Image cloaking for privacy protection from facial recognition models.
Undetectable backdoors in machine learning models. “We show how a malicious learner can plant an undetectable backdoor into a classifier. On the surface, such a backdoored classifier behaves normally, but in reality, the learner maintains a mechanism for changing the classification of any input, with only a slight perturbation. Importantly, without the appropriate “backdoor key,” the mechanism is hidden and cannot be detected by any computationally-bounded observer. We demonstrate two frameworks for planting undetectable backdoors, with incomparable guarantees.”
These data poisoning problems aren’t theoretical. PyTorch, one of the main technologies used in creating AI systems, underwent a supply chain attack this past December whereby the PyTorch installation was infected and would have allowed an attacker to change the weights on any model of an infected machine or insert additional data into training.
Looping it all back together, there is serious concern that, along with their widespread adoption hurting their future effectiveness, AI models will be more vulnerable to attacks in the future. Traditional data poisoning is typically done to damage an existing system. Overuse of existing AI models threatens to reduce the available signal to improve models unless a way to negate the feedback loop can be found.

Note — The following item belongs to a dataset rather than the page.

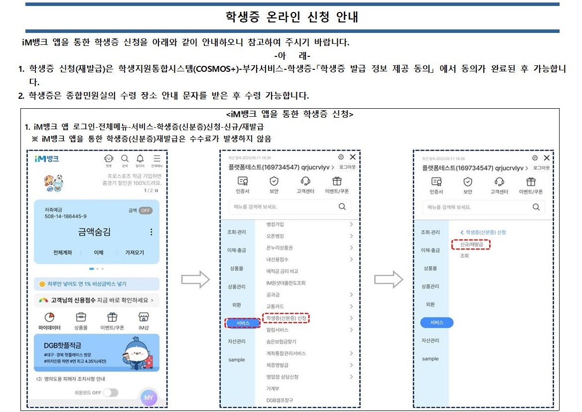 학생증 온라인 신청 안내

It is becoming increasingly clear that cybersecurity is going to become a major part of AI development and usage. There will be unintended consequences from AI use that affect the training of future models. Unlike systems of code where we can identify and patch vulnerabilities, there is a large amount of difficulty involved in securing large AI models which are naturally harder to understand. When something goes wrong or you identify an exploit, how do you patch a large language model? If it costs $10M to train, are you going to spend the money to retrain it again? Are you going to retrain each time someone finds an exploit? At the moment, the economics of harming these models is greatly in favor of the attackers.

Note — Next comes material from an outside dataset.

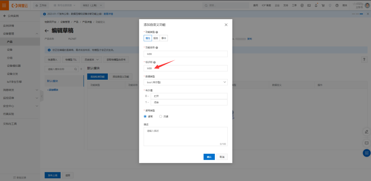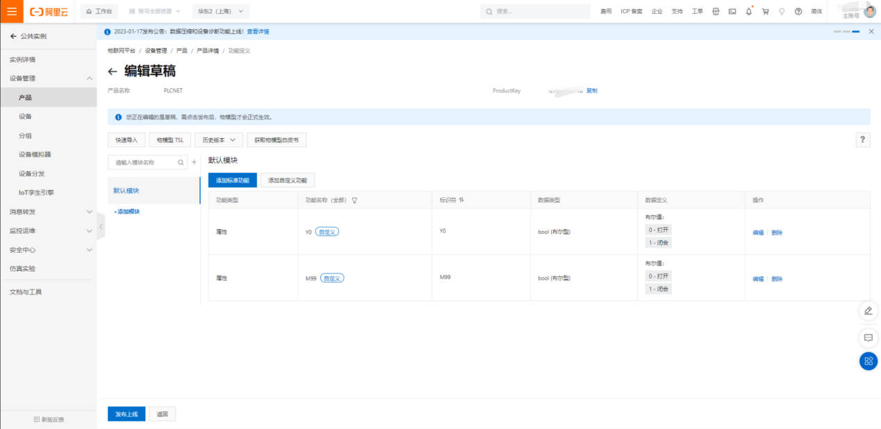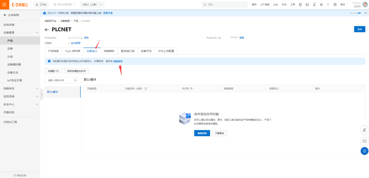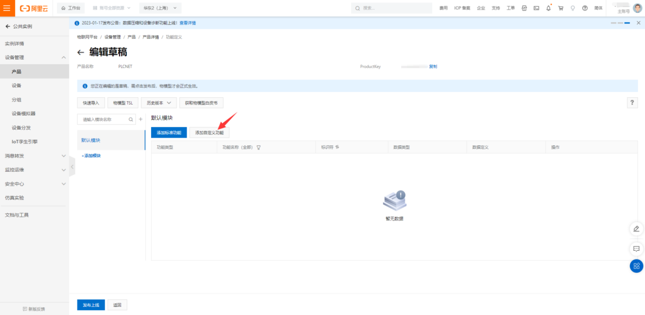 11、打開阿里云產(chǎn)品,點(diǎn)進(jìn)剛才添加的產(chǎn)品內(nèi),功能定義-編輯草稿-添加自定義功能

Data has always been fundamental to the creation of AI systems. As large AI models take more actions and the systems are closed off to outsiders, we are entering a stage where the data fed into an AI system will become the prominent threat vector. Due to widespread adoption and outsized impact, AI systems will be vulnerable to those trying to manipulate existing systems for their advantage. Additionally, AI systems used to generate content will be at risk of reusing data generated from the system to create a degenerate feedback loop and reduce the effectiveness of the system. It is best to start implementing and testing validation systems now to prevent these kinds of disruption to your system.